After sitting in Courtroom 18 of the U.S. District Court in Washington for the past month, AT&T exec John Stankey finally had his chance to testify late today about the motivation behind the companies’ $85 billion merger.

“The market we are competing in is for time and attention,” he said under direct questioning from lead defense attorney Daniel Petrocelli. “Facebook, Google, Netflix — they are all distracting people from other things they used to do” like tune in linear TV, he said. “That’s the battle here.” The comments amplified arguments from the defense that any advantage from the deal in the traditional TV sphere is far outweighed by the rapid incursion of deep-pocketed tech giants. Joining forces, the defense insists, will unlock both efficiencies and customer benefits. The Department of Justice contends that the merger will harm rival companies and consumers through higher carriage fees given the companies’ merged might.

Stankey took the stand late in the day’s action. His two hours of testimony followed about three hours on the stand for Time Warner CEO Jeff Bewkes, whom Stankey would effectively replace if and when the long-gestating deal is approved. AT&T CEO Randall Stephenson, who is poised to run the combined company, will testify on Thursday morning.

Randall Stephenson AT&T
REX/Shutterstock
REX/Shutterstock

A 33-year veteran of AT&T. Stankey since last August has been overseeing the integration of the companies, enabling him to attend the trial daily as a corporate observer seated near the team of lawyers.
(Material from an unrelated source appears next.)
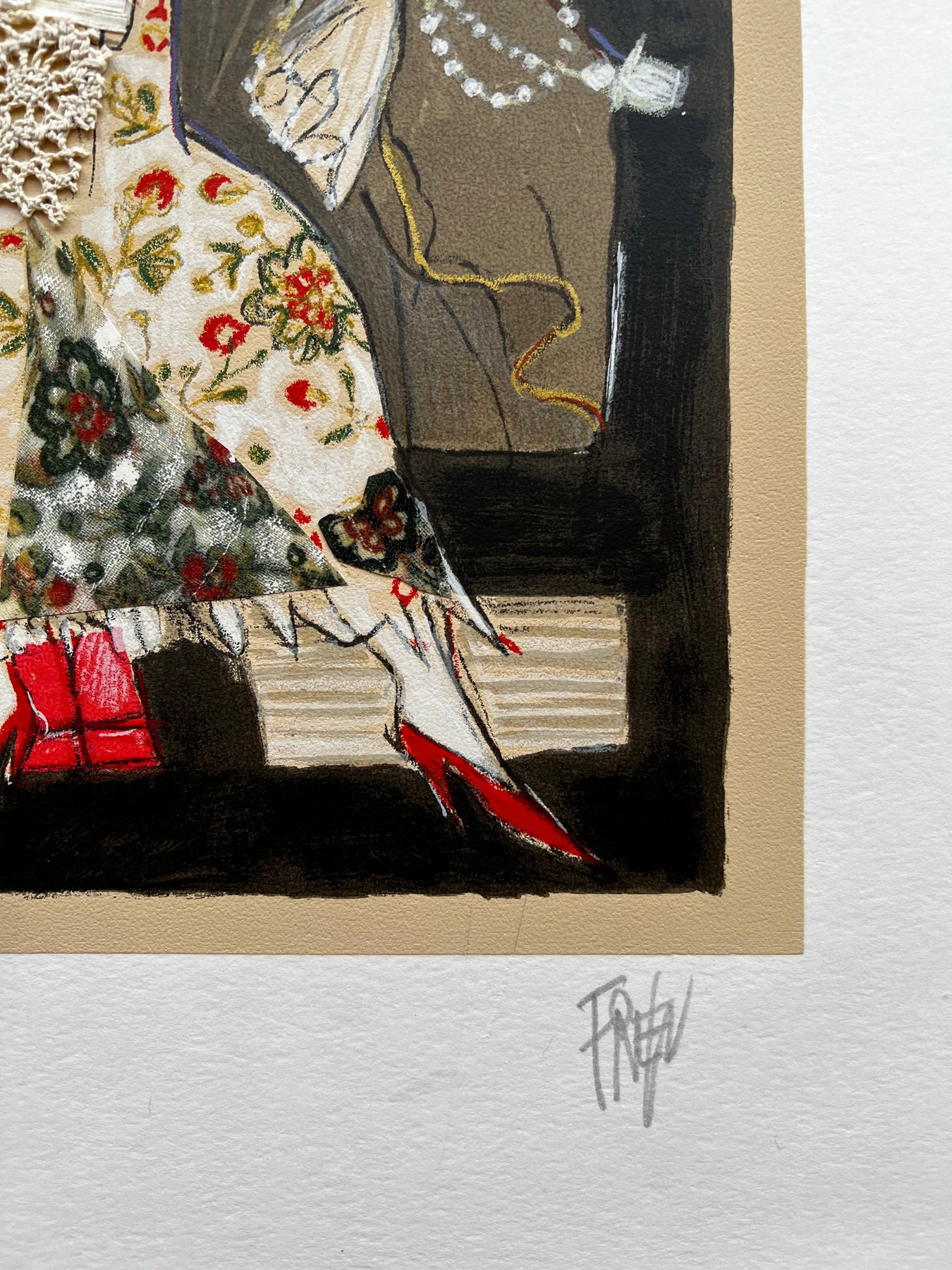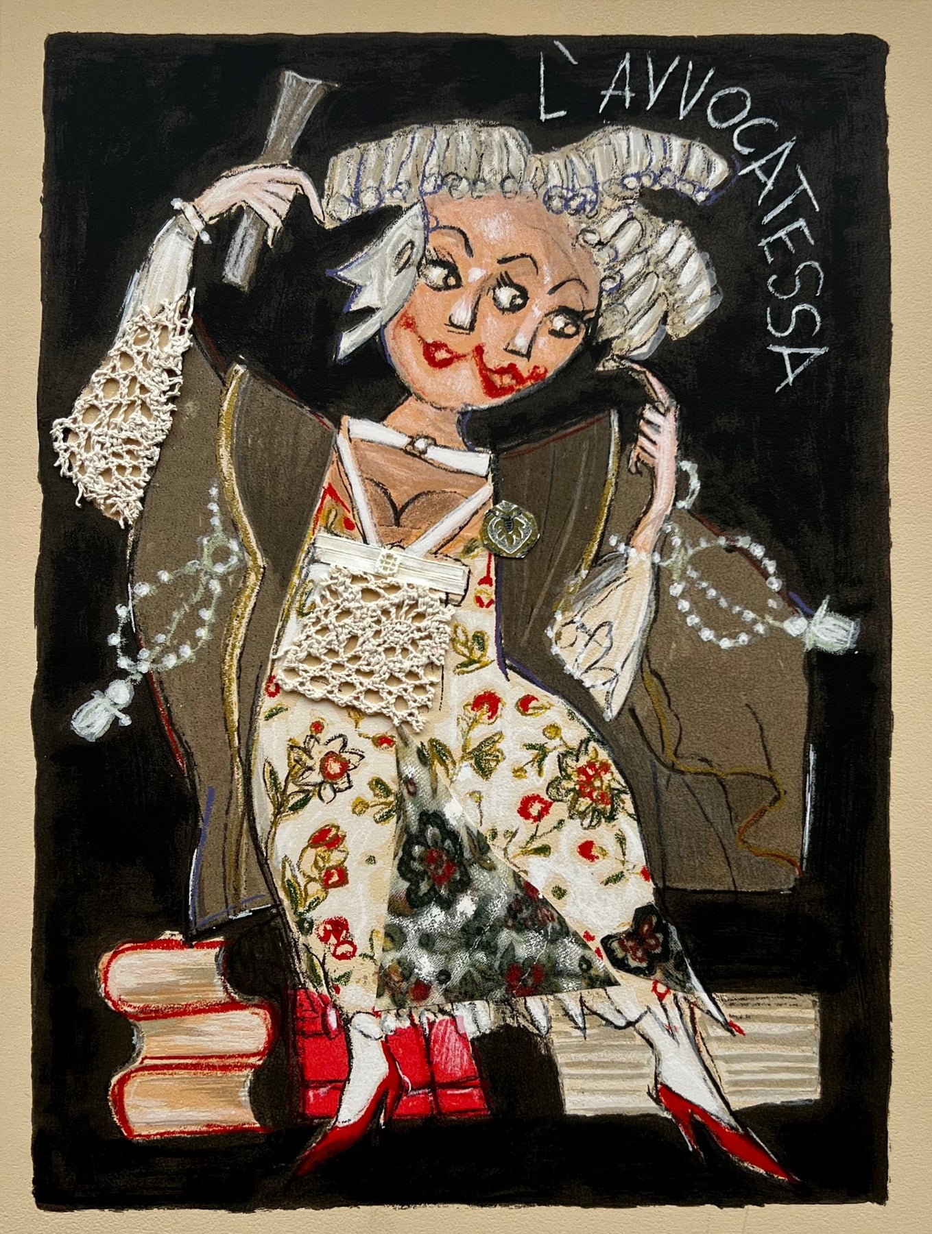 Serigrafia polimaterica con interventi manuali in stoffe e collage.

On the stand, he retraced the path toward the merger proposal in 2016. He said he raised the idea with Stephenson of embracing content as opposed to continuing to build distribution assets. The CEO was “receptive to it,” Stankey recalled. Asked by Petrocelli if the initial goal was a transaction of the magnitude of AT&T, he said, “That wasn’t where we originally started.” Instead, the instinct was to gather what Stankey called a “string of pearls” — a smaller collection of content pieces. Early on in pursuit of that strategy, Stankey recalled, the execs realized “things in the industry had continued to move quickly.” Bigger targets were considered, and the company soon settled on Time Warner.
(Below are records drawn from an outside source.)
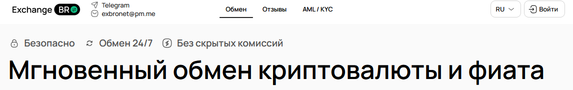 Exchange Bro – онлайн обменник, работающий в автоматическом режиме и предлагающий удобные условия для совершения операций с криптовалютой. Потенциальным клиентам предлагает быстрые обмены по хорошим курсам. Но отзывы о сервисе неоднозначные, некоторые клиенты говорят о задержках и проблемах с получением средств.
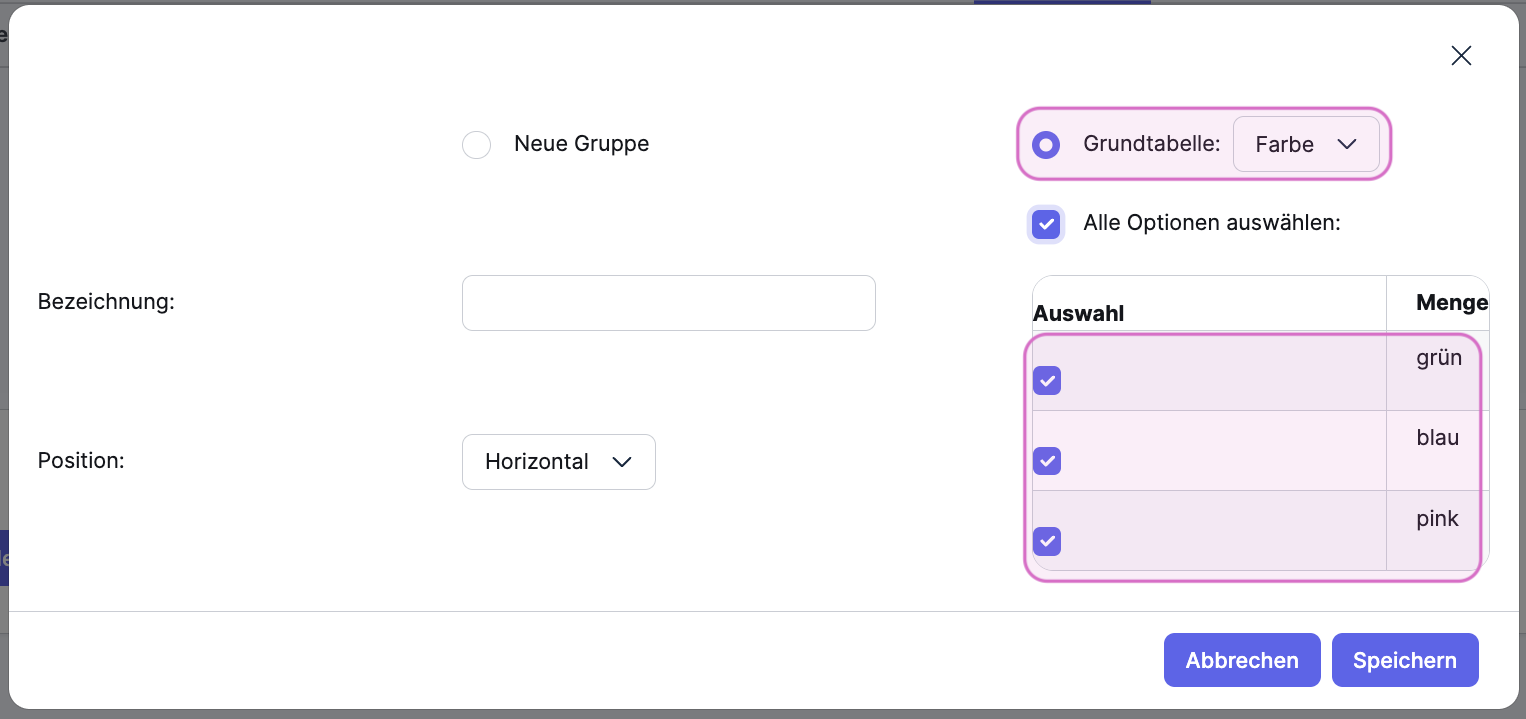 Wähle die zuvor angelegte Grundtabelle aus und hake die Optionen an, die für dieses Matrixprodukt zutreffen.
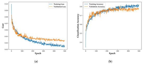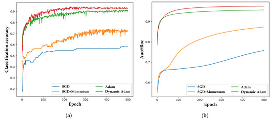 The classification accuracies for the four optimization algorithms are shown in Figure 10a. During the last 100 epochs, the upward trend converged to the stable point obviously. Precisely, the average accuracies were: 55.0% for SGD, 70.8% for SGD+Momentum, 86.8% for Adam, and 93.1% for Dynamic Adam. The area under the receiver operating characteristic curve (Auc@Roc) of Dynamic Adam achieved 97.5%, indicating its progressiveness.
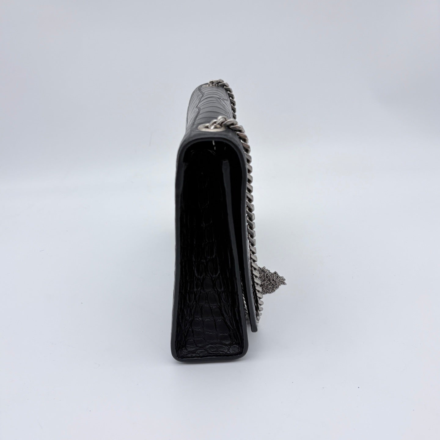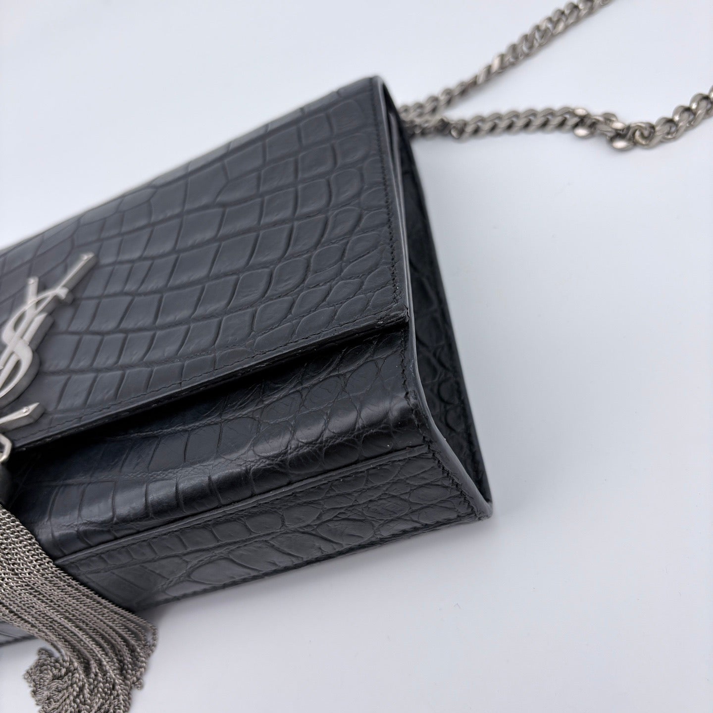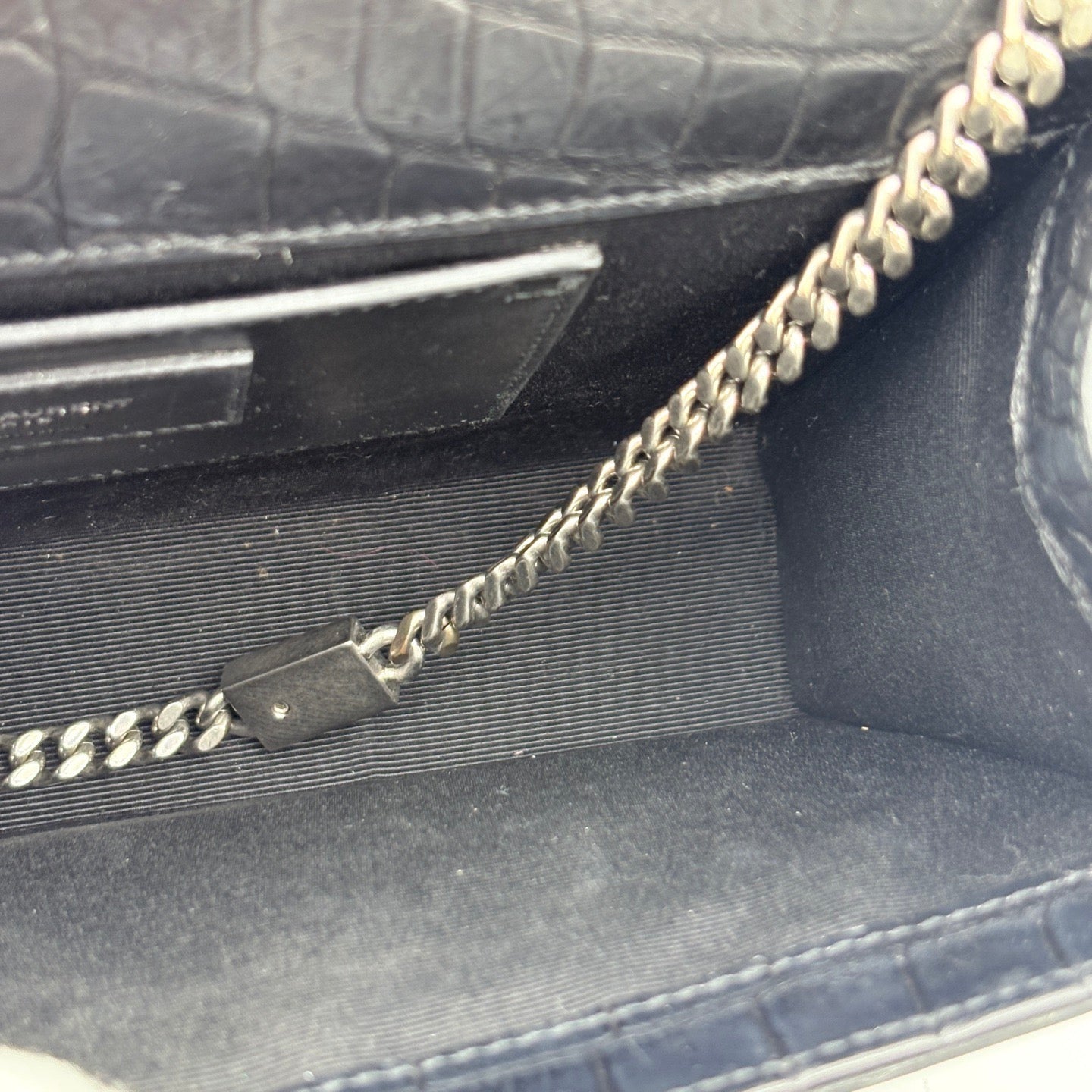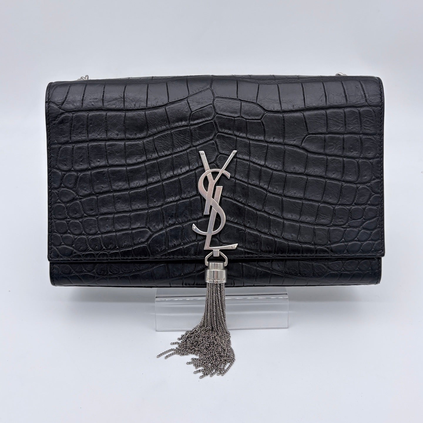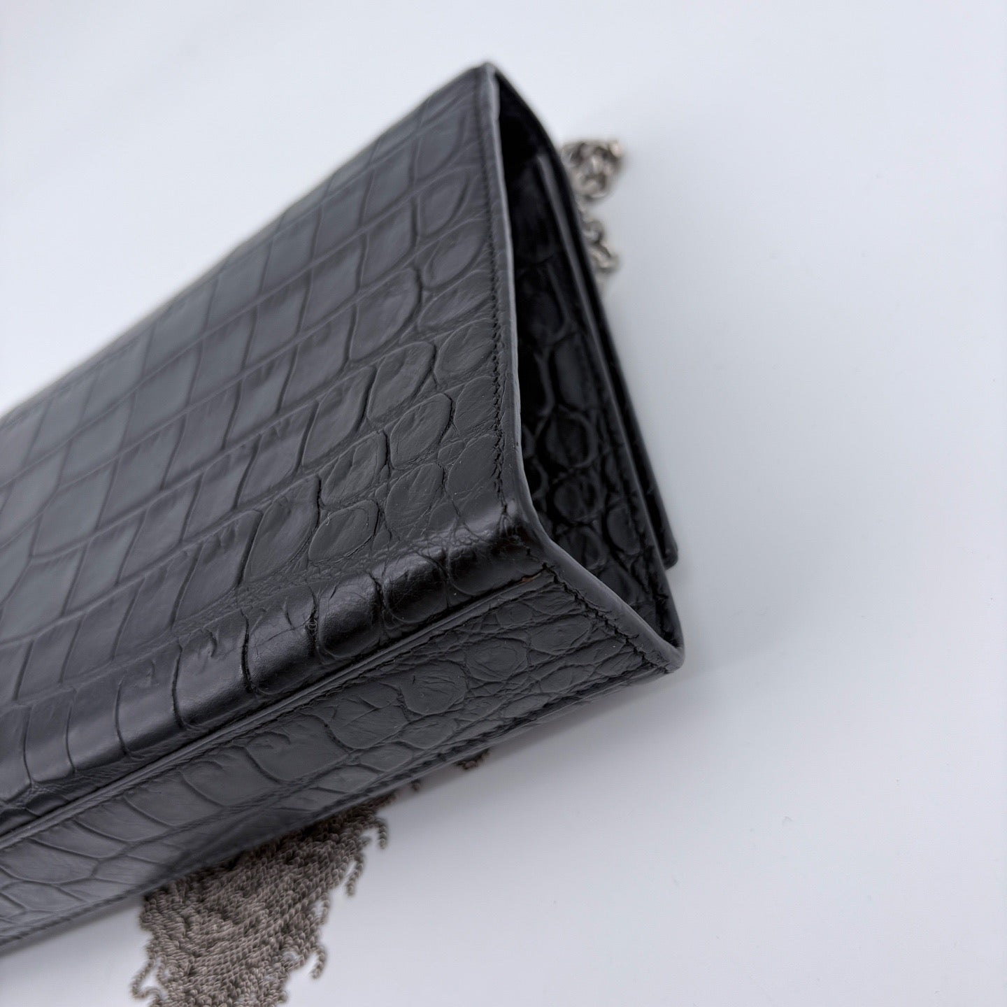 Saint Laurent Kate – Noir – Cuir embossé croco

Petrocelli asked Stankey to offer examples of how the merged company would bring innovation to the marketplace. He cited the reinvention of the traditional ad experience. (Bewkes had offered a strikingly candid assessment of ad clutter and the vulnerability of linear TV ads on Turner networks during his testimony, saying “there are too many of them and that’s part of the problem.”) Stankey said a programmer like CNN could rework its offerings such that a viewer could get a 15-minute dip into the news of the day, delivered on mobile platforms on demand and accompanied by more relevant ads. From the company’s point of view, as long as the content is in demand, it could expand the ad opportunities with more units, he said. “Nobody has built the platform that does what Facebook and Google do to the TV business on the internet.”
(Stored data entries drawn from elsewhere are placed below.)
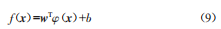 進(jìn)一步地,若以分類間隔最大為優(yōu)化目標(biāo),通過優(yōu)化算法得到w和b的估計(jì)值,這樣的分類器即為sVM線性分類器,其泛化能力優(yōu)于普通線性分類器。在sVM線性分類器的基礎(chǔ)上,可以使用變換函數(shù)將樣本的屬性向量從原始空間映射到更高維度的特征空間,使樣本最終具有線性可分性。引入變換函數(shù)φ(·)后,由式(8)定義的判決函數(shù)變?yōu)?
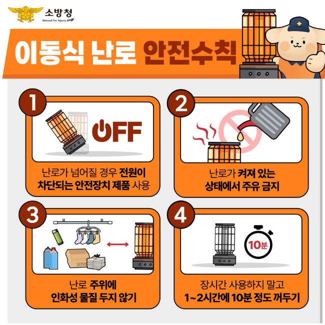 이동식 난로는 연료를 사용하고 이동이 쉬운 구조 특성상 외부 충격이나 전도 시 화재 발생 위험이 높으며, 밀폐된 공간에서는 일산화탄소 중독 사고로 이어질 가능성도 있어 각별한 주의가 필요하다. 특히 다중이용업소, 공연장, 음식점 등 다수 시민이 이용하는 시설에서는 화재 발생 시 대형 인명피해로 확대될 우려가 크다.
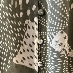 This stylish Bb Dakota blouse features a beautiful olive green color with an abstract print, perfect for adding a touch of sophistication to your wardrobe. The sheer material and button-down front make it a versatile piece for layering over a cami or wearing on its own. Whether you're dressing it up for a night out or keeping it casual for a day at the office, this blouse is sure to become a favorite in your collection.

One significant happening that was scarcely mentioned at all today, oddly, was the storm a few blocks away this month when Facebook’s Mark Zuckerberg testified on Capitol Hill about the social network’s controversial use of users’ data. TV providers, in their zeal for new ad models and personalization, could risk summoning some of those ghosts. Petrocelli did tee up a question for Stankey. “We have a lot of data now,” he said. “Everything is done according to a strict privacy policy.” The company “aggregates and anonymizes data,” keeping it “for our own internal purposes,” Stankey said. “We’re not brokering the data out,” as Facebook did with research firm Cambridge Analytica.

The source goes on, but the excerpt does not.